The 2011 numbers show California firms reported roughly $118 billion during the year's opening quarter. That's better than sales tallies from the same period during each of the previous two years, but below the first three months of 2008.
Then, when the Great Recession was still in its opening stages, California businesses reported nearly $128 billion in taxable sales.
The Board of Equalization's numbers for the first three months of 2011 reflect both increasing commerce - especially among motor vehicle dealers - but also spiking gasoline prices.
The tax-collection agency also reported sales increases among other furniture dealers, restaurants and other retailers. One economist said high fuel prices remain a serious concern for California consumers, but other retail numbers show a real improvement in the state's economy.
"That's one of the bright spots in the local economy, that people are feeling confident enough to start spending again," Beacon Economics analyst Jordan Levine said.
California vehicle and parts dealers' sold nearly $13 billion worth of taxable goods during the first three months of 2011 while those sales 17.4 percent on a year-over-year basis.
Gasoline stations were the only other part of the state's retail sector in which sales rose by a greater rate, as a 20 percent upward surge in gas prices helped push taxable gasoline sales up by roughly 22 percent to $12.6 billion.
Rising automotive sales indicate a healthier market for car dealers than during the start of the recession, when many Inland Empire car dealerships folded after the economy soured.
"Sales started to slow in early 2008 and are picking up right now," Toyota of San Bernardino owner Cliff Cummings wrote in an email.
"This year we will have a substantial increase at Toyota of San Bernardino and that means jobs and more jobs," he added.
Ford of Upland general manager Mike Sheridan also said his dealership is benefitting from a substantial improvement in business.
"The problem is keeping your inventory stocked," he said.
For at least one dealer, Fairview Ford in San Bernardino, the 215 widening project is a greater problem than the economy, partner Nick DePasquale said.

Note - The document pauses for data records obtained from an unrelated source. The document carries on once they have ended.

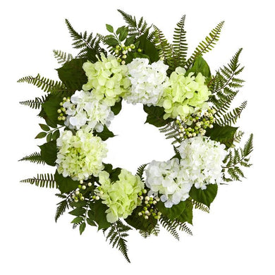 • 24" Hydrangea With White Roses Wreath 4899 By Nearly Natural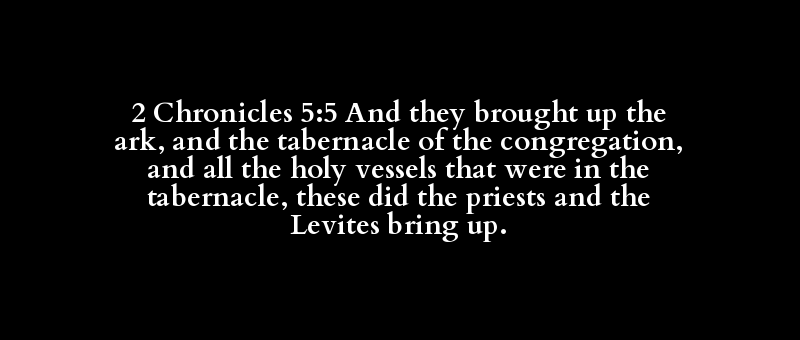 2 Chronicles 5:5 And they brought up the ark, and the tabernacle of the congregation, and all the holy vessels that were in the tabernacle, these did the priests and the Levites bring up.
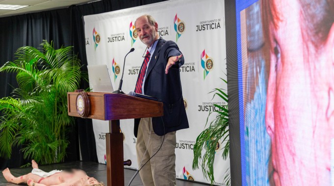 La fiscal Hernández Gutierrez destacó la experiencia del doctor Smock, recurso seleccionado para ofrecer el adiestramiento. “Cabe destacar, que mediante el testimonio del doctor Smock el Ministerio Público logró esclarecer el caso de Robert Feldman, demostrando que la esposa del acusado fue estrangulada y descartando la versión del cónyuge, quien alegó que la víctima falleció por el uso inadecuado de medicamentos controlados. La intervención del Dr. Smock permitió que en tres horas un jurado encontrara culpable a Feldman por asesinato en primer grado. Los patólogos de la ciudad de Denver no pudieron determinar la causa de muerte”, resaltó.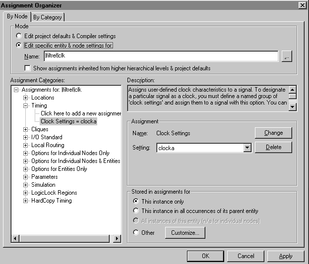 | You can also specify many other types of individual timing assignments. You can go to "Making Individual Timing Assignments" in Quartus II Help for more information on available timing assignments. | |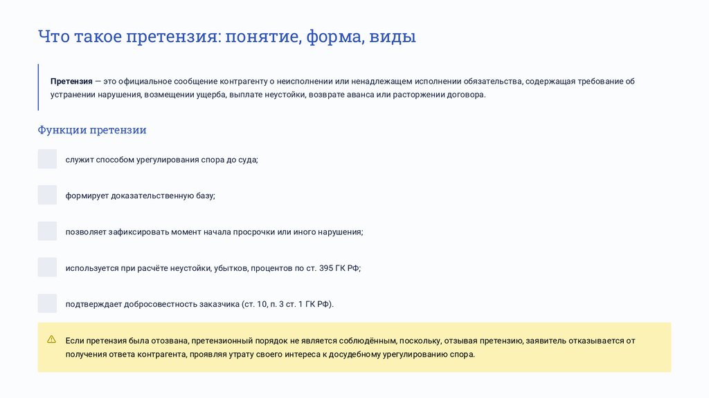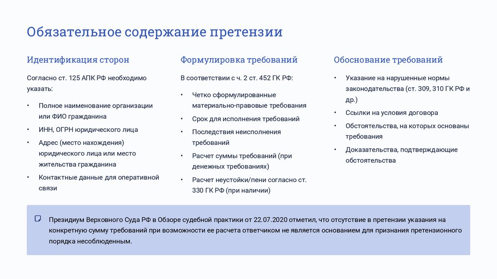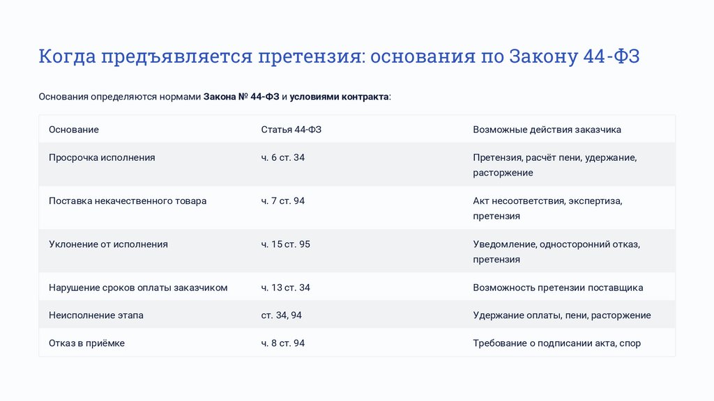 Форма по контракту или типовая (включает сумму, срок ответа, основания)
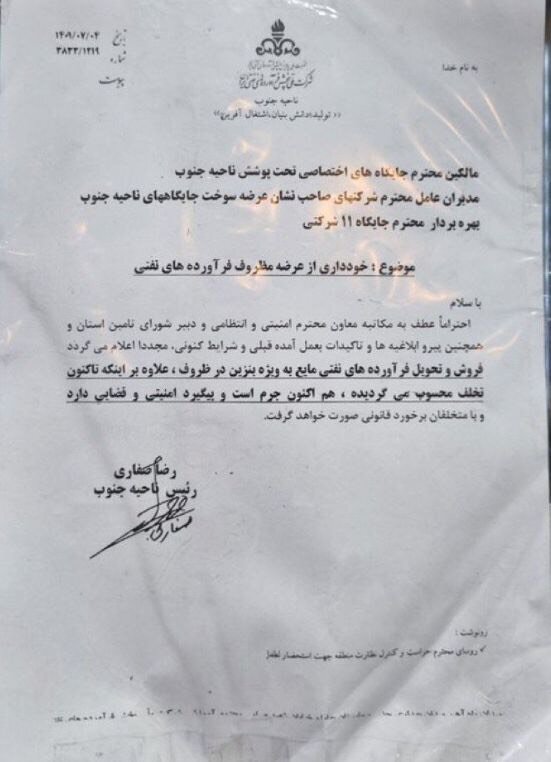 چند روزی است که تصویری از ابلاغیه به پمپ بنزین ها در فضای مجازی منتشر شده که طبق آن فروش بنزین در ظروف را جرم دانسته و در صورتی که جایگاه داران بخواهند به مردم در ظرف بنزین بفروشند، تخلف از دستور تلقی خواهد شد و پیگرد امنیتی و قضایی دارد.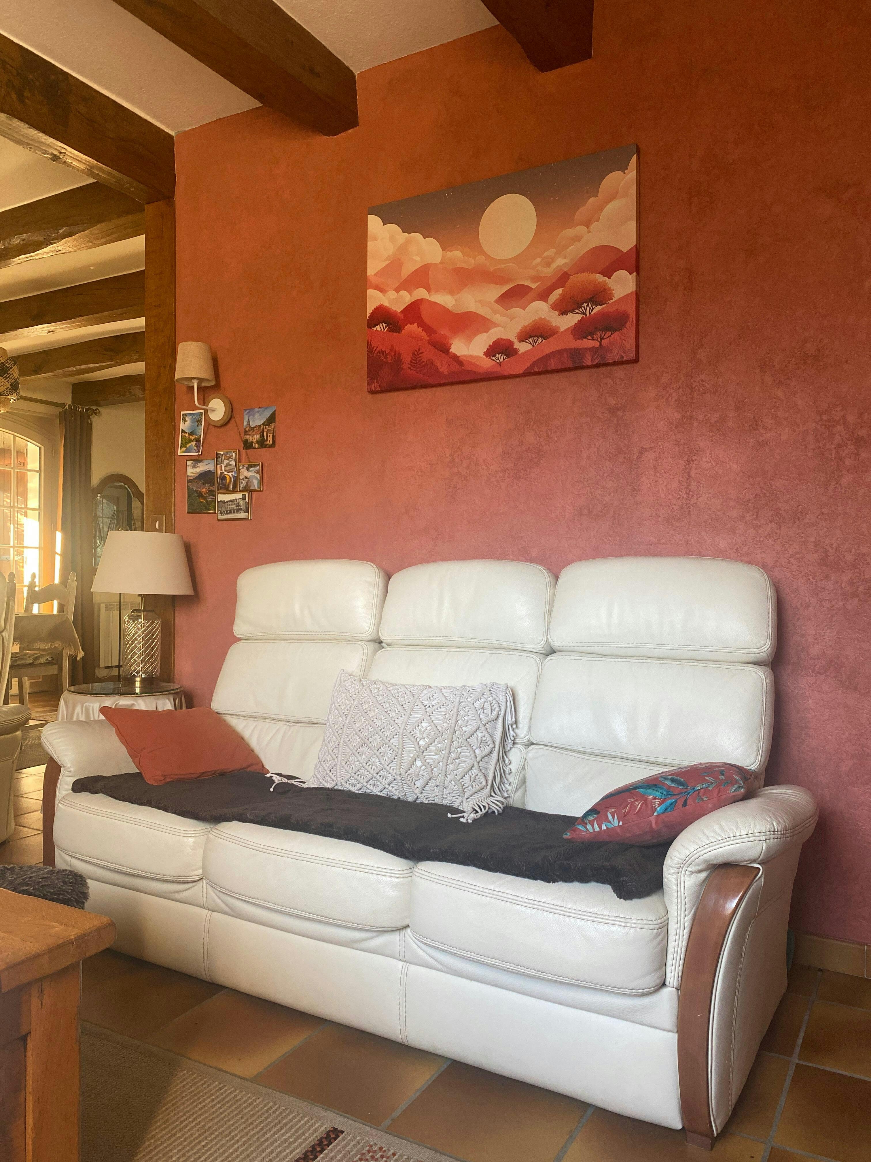Entre nuances terre cuite et douceur ivoire, cette pièce crée un cocon apaisant propice au repos. Retrouvez des œuvres au charme similaire dans nos tableaux terracotta, sélection pensée pour réchauffer chaque intérieur.

DePasquale said the dealership is surviving even though people are either scared to drive through the freeway construction or hear false rumors of freeway closures.
Even so, he expects Fairview Ford to to do better in 12 to 18 months after freeway workers finish their tasks near his downtown San Bernardino dealership and potential economic improvements.
"We like our prospects for the future. What goes down must come up, eventually," he said.